Task to complete
Unless it is a picture, every line from the start of the entries through the line with "小袋スタンドの仕切り部分の幅は、約1cmです。" must be retyped exactly.

────────────────────

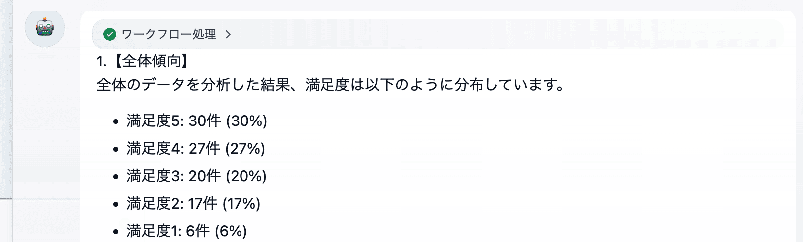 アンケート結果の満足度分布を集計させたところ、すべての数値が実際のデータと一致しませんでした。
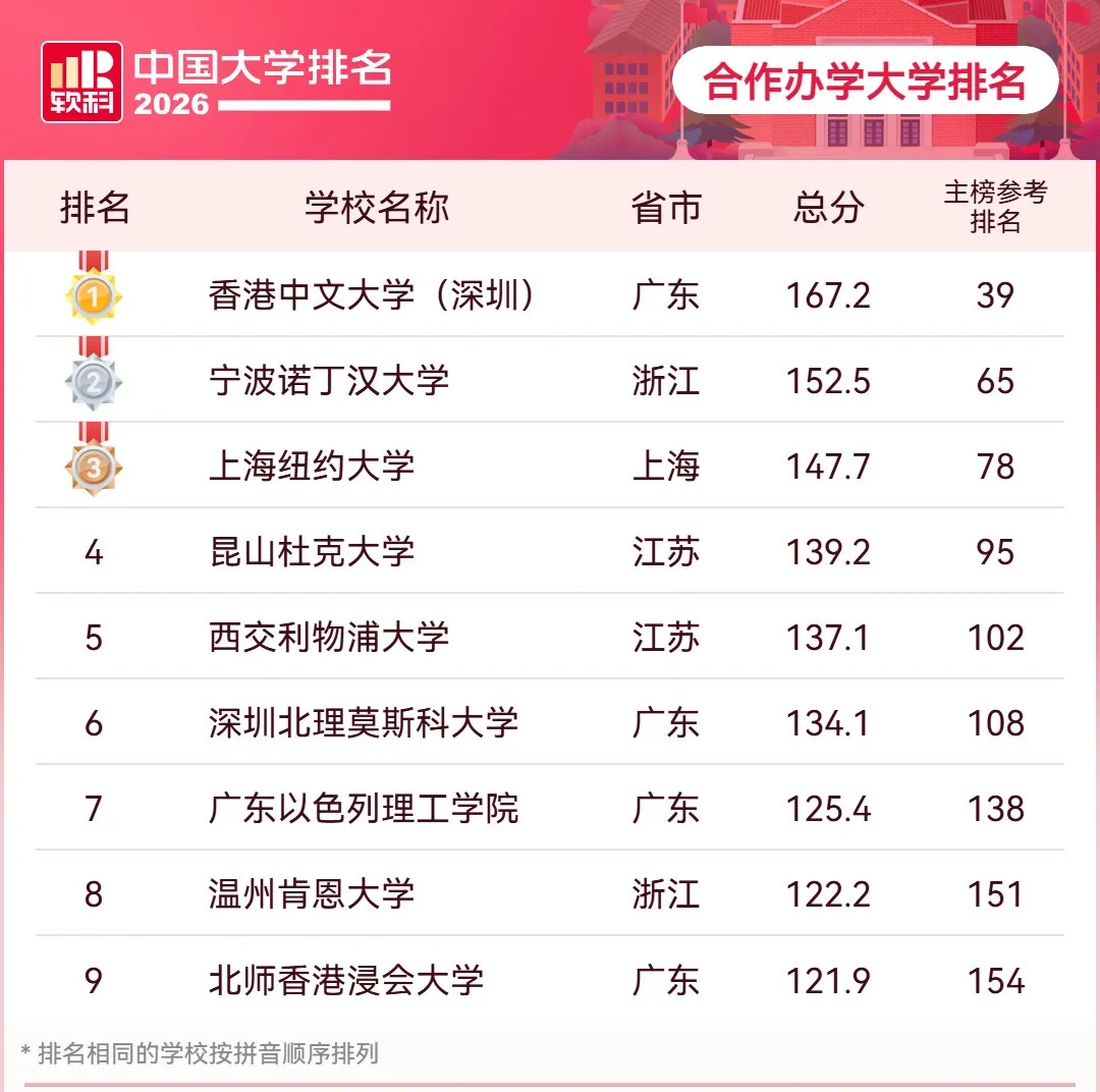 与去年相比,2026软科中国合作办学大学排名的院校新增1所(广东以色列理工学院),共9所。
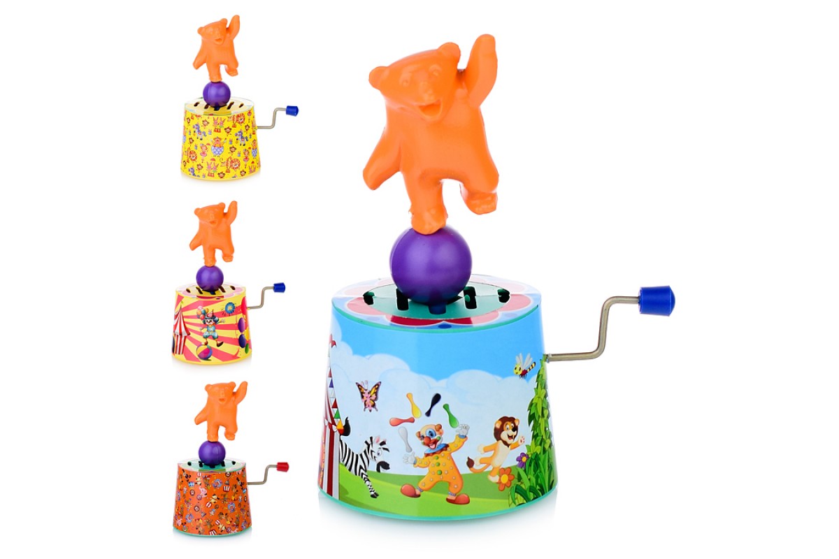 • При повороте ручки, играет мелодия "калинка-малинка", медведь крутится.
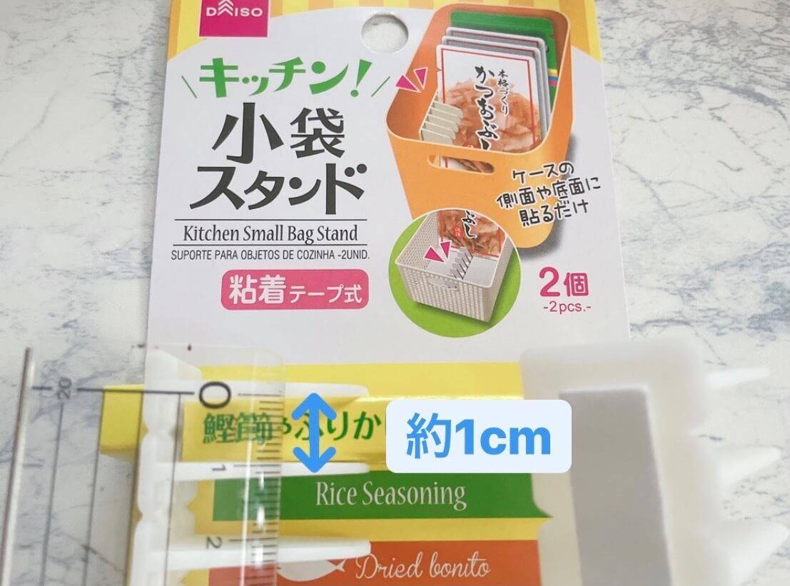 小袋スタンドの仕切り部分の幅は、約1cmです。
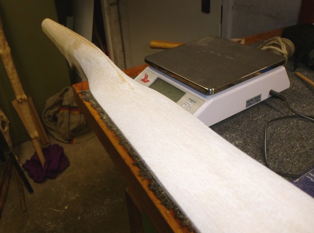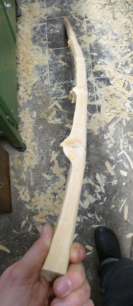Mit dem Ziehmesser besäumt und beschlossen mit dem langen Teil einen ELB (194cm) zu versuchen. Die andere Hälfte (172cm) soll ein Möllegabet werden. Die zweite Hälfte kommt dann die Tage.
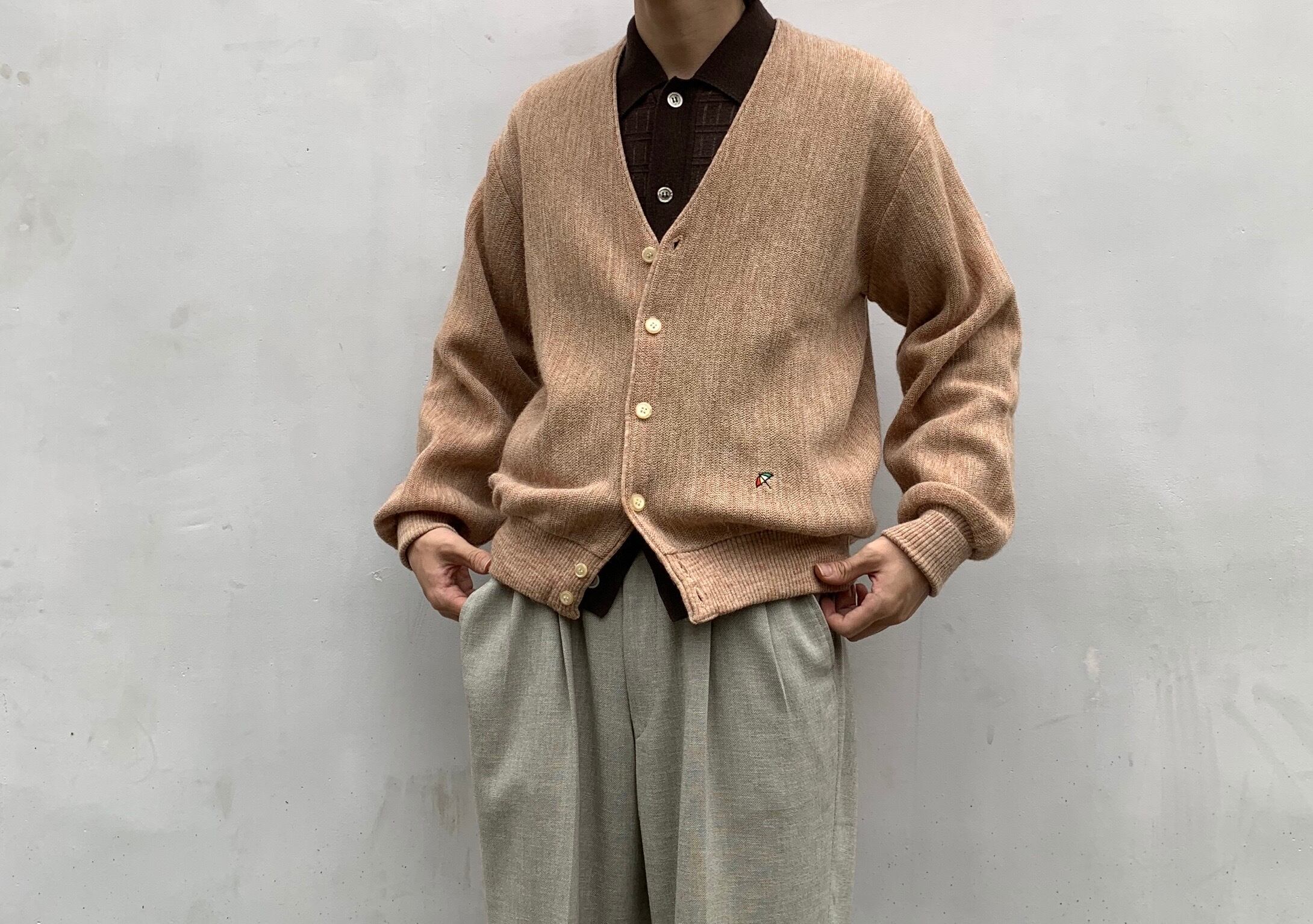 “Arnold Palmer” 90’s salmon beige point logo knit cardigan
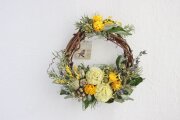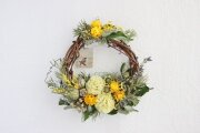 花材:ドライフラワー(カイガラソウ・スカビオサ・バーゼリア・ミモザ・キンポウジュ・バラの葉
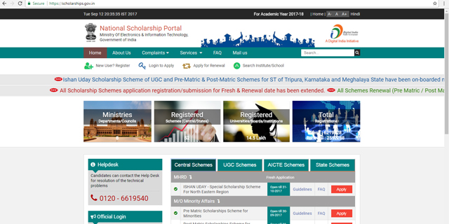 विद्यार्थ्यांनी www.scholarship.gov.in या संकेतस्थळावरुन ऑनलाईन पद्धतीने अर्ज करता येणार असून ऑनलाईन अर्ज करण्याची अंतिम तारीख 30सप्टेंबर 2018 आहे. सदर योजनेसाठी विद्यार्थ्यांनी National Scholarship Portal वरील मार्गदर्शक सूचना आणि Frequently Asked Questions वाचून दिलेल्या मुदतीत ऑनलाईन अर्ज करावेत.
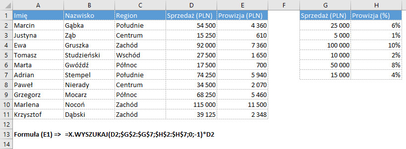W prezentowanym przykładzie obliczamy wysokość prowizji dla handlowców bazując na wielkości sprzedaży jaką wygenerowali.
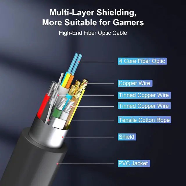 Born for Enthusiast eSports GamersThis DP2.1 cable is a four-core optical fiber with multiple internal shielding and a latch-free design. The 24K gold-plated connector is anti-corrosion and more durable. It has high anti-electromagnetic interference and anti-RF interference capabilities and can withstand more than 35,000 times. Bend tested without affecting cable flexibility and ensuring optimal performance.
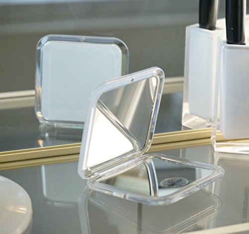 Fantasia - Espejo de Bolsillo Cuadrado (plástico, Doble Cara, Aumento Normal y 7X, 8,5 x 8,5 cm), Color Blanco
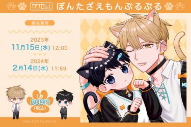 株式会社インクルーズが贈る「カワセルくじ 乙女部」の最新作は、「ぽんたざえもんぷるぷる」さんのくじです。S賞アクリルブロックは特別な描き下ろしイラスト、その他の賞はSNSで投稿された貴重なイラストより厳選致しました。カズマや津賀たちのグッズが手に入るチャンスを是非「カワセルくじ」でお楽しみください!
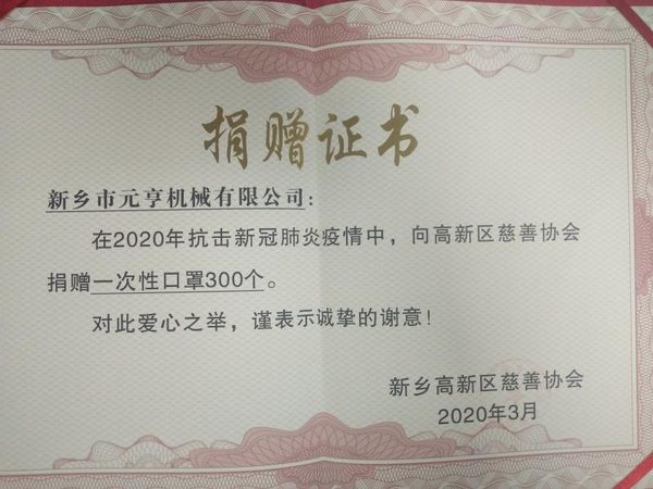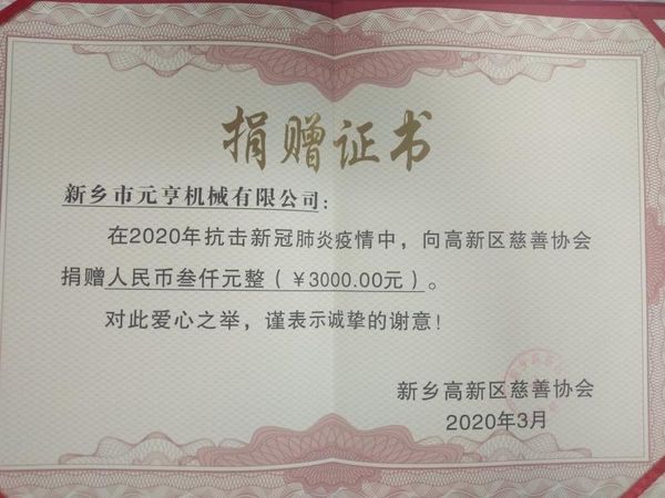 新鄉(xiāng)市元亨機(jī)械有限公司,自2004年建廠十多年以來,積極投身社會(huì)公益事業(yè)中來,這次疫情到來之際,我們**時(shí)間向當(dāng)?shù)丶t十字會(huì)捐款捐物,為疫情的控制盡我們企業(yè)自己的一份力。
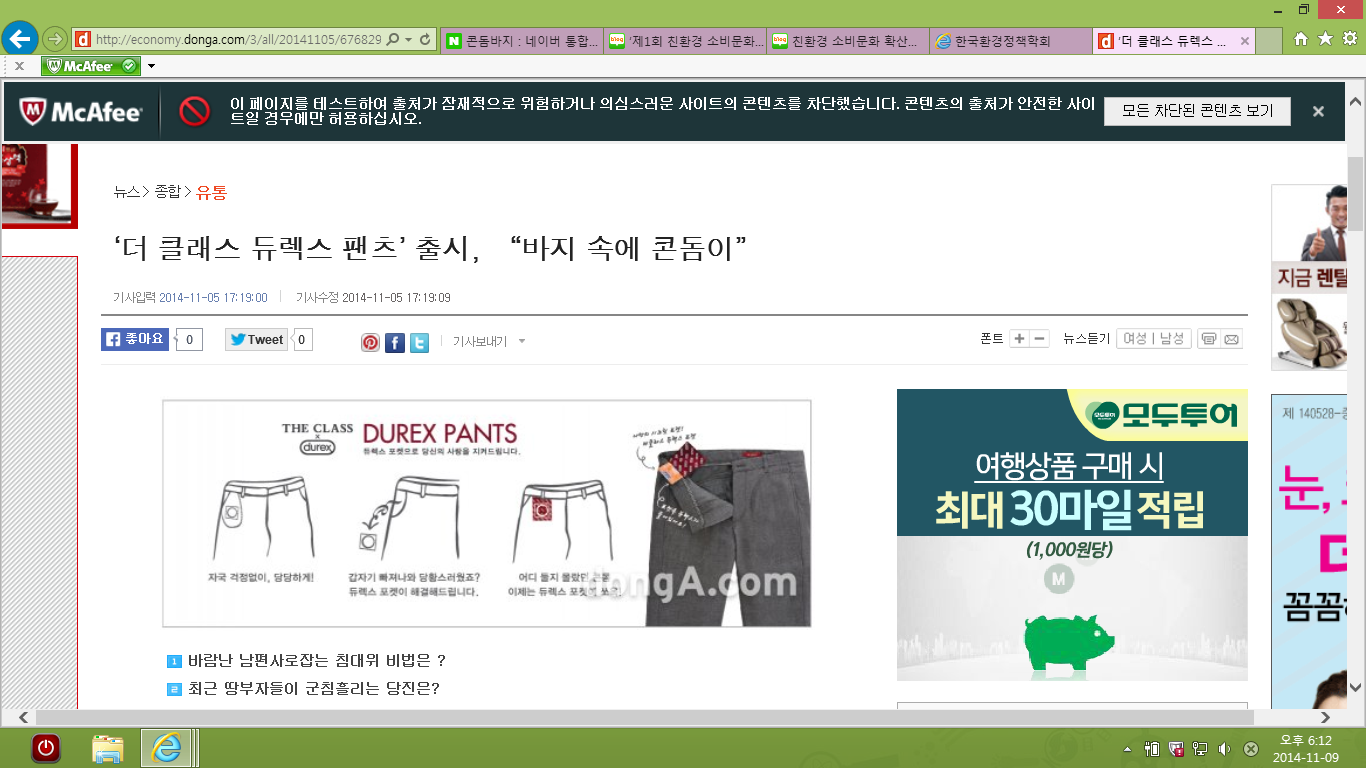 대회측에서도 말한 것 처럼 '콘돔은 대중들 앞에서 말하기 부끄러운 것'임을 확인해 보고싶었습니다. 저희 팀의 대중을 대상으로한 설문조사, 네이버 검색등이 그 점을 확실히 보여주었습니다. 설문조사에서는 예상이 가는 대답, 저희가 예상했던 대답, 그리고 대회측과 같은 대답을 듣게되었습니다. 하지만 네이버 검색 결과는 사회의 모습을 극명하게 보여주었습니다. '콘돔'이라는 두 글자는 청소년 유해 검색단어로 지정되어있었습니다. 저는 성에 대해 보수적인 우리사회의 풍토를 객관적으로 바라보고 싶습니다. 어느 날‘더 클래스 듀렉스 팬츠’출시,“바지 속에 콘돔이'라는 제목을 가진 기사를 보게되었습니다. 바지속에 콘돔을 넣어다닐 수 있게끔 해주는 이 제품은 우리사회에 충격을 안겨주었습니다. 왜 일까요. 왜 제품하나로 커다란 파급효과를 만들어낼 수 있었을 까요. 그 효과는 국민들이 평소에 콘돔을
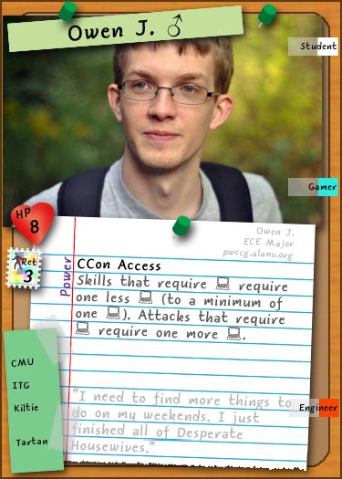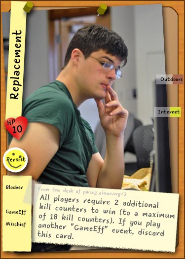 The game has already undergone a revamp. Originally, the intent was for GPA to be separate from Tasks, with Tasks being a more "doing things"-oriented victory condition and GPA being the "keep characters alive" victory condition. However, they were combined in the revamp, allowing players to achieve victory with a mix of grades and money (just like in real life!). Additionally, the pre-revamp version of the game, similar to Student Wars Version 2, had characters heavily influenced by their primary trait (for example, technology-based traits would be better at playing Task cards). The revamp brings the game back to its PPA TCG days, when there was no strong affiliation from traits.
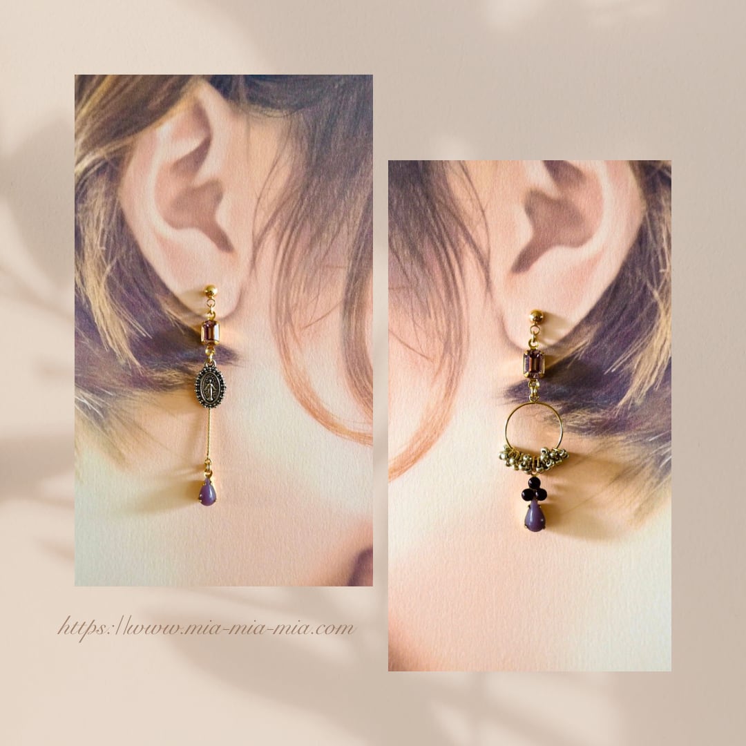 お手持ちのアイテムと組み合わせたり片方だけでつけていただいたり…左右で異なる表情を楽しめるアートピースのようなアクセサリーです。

────────────────────

Task output
 アンケート結果の満足度分布を集計させたところ、すべての数値が実際のデータと一致しませんでした。
 与去年相比,2026软科中国合作办学大学排名的院校新增1所(广东以色列理工学院),共9所。
 • При повороте ручки, играет мелодия "калинка-малинка", медведь крутится.
 小袋スタンドの仕切り部分の幅は、約1cmです。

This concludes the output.